I oprysk lub kopanie łopatą jest konieczny jeżeli na działce masz chwasty trudne do usunięcia(podane wyżej), po nim możesz siać trawę- w tym układzie spokojnie wyrobisz się we wrześniu. Pozdrawiam. Tadeusz.
Drogi Tadeuszu, teraz to się zastanawiam, czy w ogóle w tym roku siać tę trawę? Może lepiej opryskać, zaorać, znów opryskać i zostawić na zimę ugór? A wiosną jeszcze raz zaorać, czy też glebogryzarką potraktować i dopiero wtedy siać trawę? Kolejne zmartwienie: jeśli potraktuję chwasty roundapem, to czy nie uszkodzi on moich brzózek i innych drzew rosnących na działce? Ech, czuję, że tracę wenę
. Zwłaszcza, że moje ogrodzenie oddala się w czasie coraz bardziej... Aha, jeszcze jedno pytanko mam: czy roundap+zaoranie gruntu zaszkodzi jakoś mrówkom (oby), bo mamy masę mrowisk i niektóre z mrówek są dość agresywne. Ostatnio musiałam stanąć na mrowisku, bo oblazły mi nogę kąsając
. Wiem, że są na nie odpowiednie środki ale może same się wyniosą, jak im poburzymy domki?


-
- Przyjaciel Forum - gold
- Posty: 3394
- Od: 5 wrz 2007, o 17:20
- Opryskiwacze MAROLEX: więcej niż 1 szt.
- Lokalizacja: Lublin
GOSIU- jeżeli się zdecydujesz siać trawę na wiosnę ( a teraz czas ucieka i we wrześniu nie radziłbym siać), to proponowałbym teraz, w tym roku opryskać chwasty, po 2 tygodniach od oprysku, jeżeli gleba jest trawiasta lub ubita - to gruberem lub glebogryzarką zruszyć ziemię oraz zorać i zostawić na zimę w " ostrej skibie" by mróz rozkruszył bryły ziemi.Może lepiej opryskać, zaorać, znów opryskać i zostawić na zimę ugór?
Wiosną ponownie gruberem i broną ( lub samą broną- jeżeli po zimie nie będzie zbyt zbita ziemia) wielokrotnie wyrównać ziemię oraz grabiami- metalowymi dokładnie przegrabić, rozbijając grudki ziemi i ponownie równając teren.
Po wykonaniu tych czynności poczekać około 2 tygodni aż chwasty wzejdą( wiosną chwasty szybciej wschodzą i rosną) i wtedy drugi raz użyć oprysku do zniszczenia wzeszłych chwastów.

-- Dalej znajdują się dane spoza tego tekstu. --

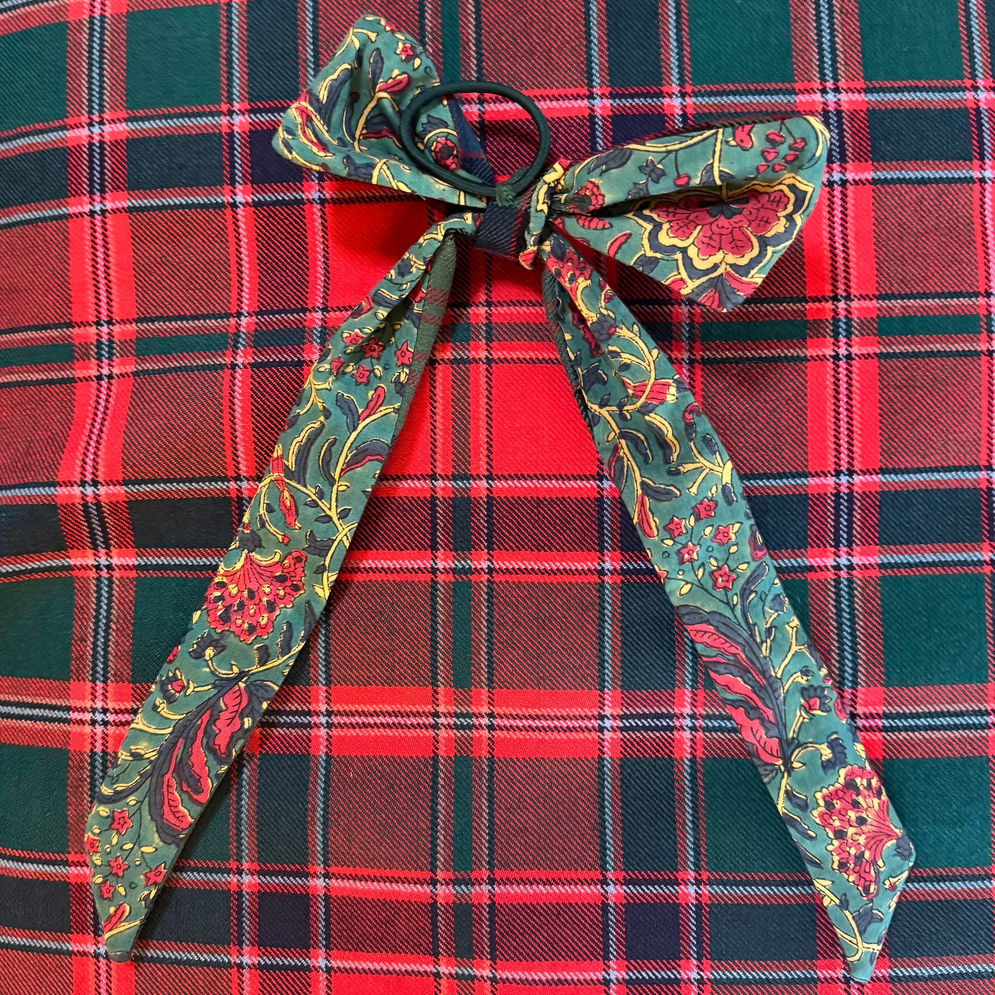 One of a kind tartan and block print hair bows. Each bow is made from 100% wool tartan and our organic cotton. The elastic tie fastening makes these easy to wear and style in your hair!

Po 7-10 dni od oprysku grabiami wygrabić usychające chwasty i posiać trawę, przegrabić po posianiu, ubić metalowym wałem lub plastikową beczką napełnioną (szczelnie) wodą i utrzymywać glebę w ciągłym stanie wilgotności gleby do wschodów trawy.
Po wiosennym oprysku, starać się delikatnie zruszać ziemię(tylko grabiami) by nie wydobywać z ziemi zbyt dużo nasion różnych chwastów( które mogą czekać na odkrycie i skiełkowanie nawet 10 lat)
Środek chwastobójczy roundap działa tylko na zieloną część rośliny, poprzez liście środek przedostaje się do korzenia rośliny niszcząc go. Możesz owinąć dla pewności, gazetą pnie drzew, możesz na dyszę opryskiwacza nałożyć osłonkę ( rodzaj lejka) by ograniczyć rozprysk środka ( ttylko jak będziesz pryskać przy drzewach)i koniecznie opryskuj gdy nie ma wiatru.
Co do mrówek to roundap na nich nie działa ( potrzeba na nie środki owadobójcze), możesz je teraz potraktować (mrowiska) gorącą wodą. Nie licz że szybko się uporasz z mrówkami, ja z nimi walczę ( jak mi szkodę robią) 10 lat i one i ja mamy się dobrze na tej wojnie. Pozdrawiam. Tadeusz.
Witam po przerwie
Działka zaorana i "zgryziona". I rzeczywiście postanowiliśmy poczekać z trawą do wiosny. Ale pojawiło mi się nowe pytanie do Was. Co to jest za roślina?
Dlaczego pytam? Otóż widziałam coś takiego niedawno przy płocie i bardzo mi się podoba. Jest wysoka na jakieś 2 m, kwitnie nieprzerwanie od końca sierpnia do teraz (ciągle wygląda tak samo). Widać, że nie jest ekspansywna, bo łodygi "zaczynają się" przy samym płocie i nie ma żadnych małych roślinek dalej, a przy tym dokładnie zakrywa sobą to, co za płotem. To zdjęcie pochodzi z internetu ale roślinka najbardziej przypomina mi oryginał /może kwiaty były troszkę bardziej pomarańczowe/. Bardzo prosiłabym Was o pomoc w rozpoznaniu CO TO JEST?
Odpowiedź znajduje się tutaj:
- http://forumogrodnicze.info/viewtopic.php?p=488246
Nalewka

Działka zaorana i "zgryziona". I rzeczywiście postanowiliśmy poczekać z trawą do wiosny. Ale pojawiło mi się nowe pytanie do Was. Co to jest za roślina?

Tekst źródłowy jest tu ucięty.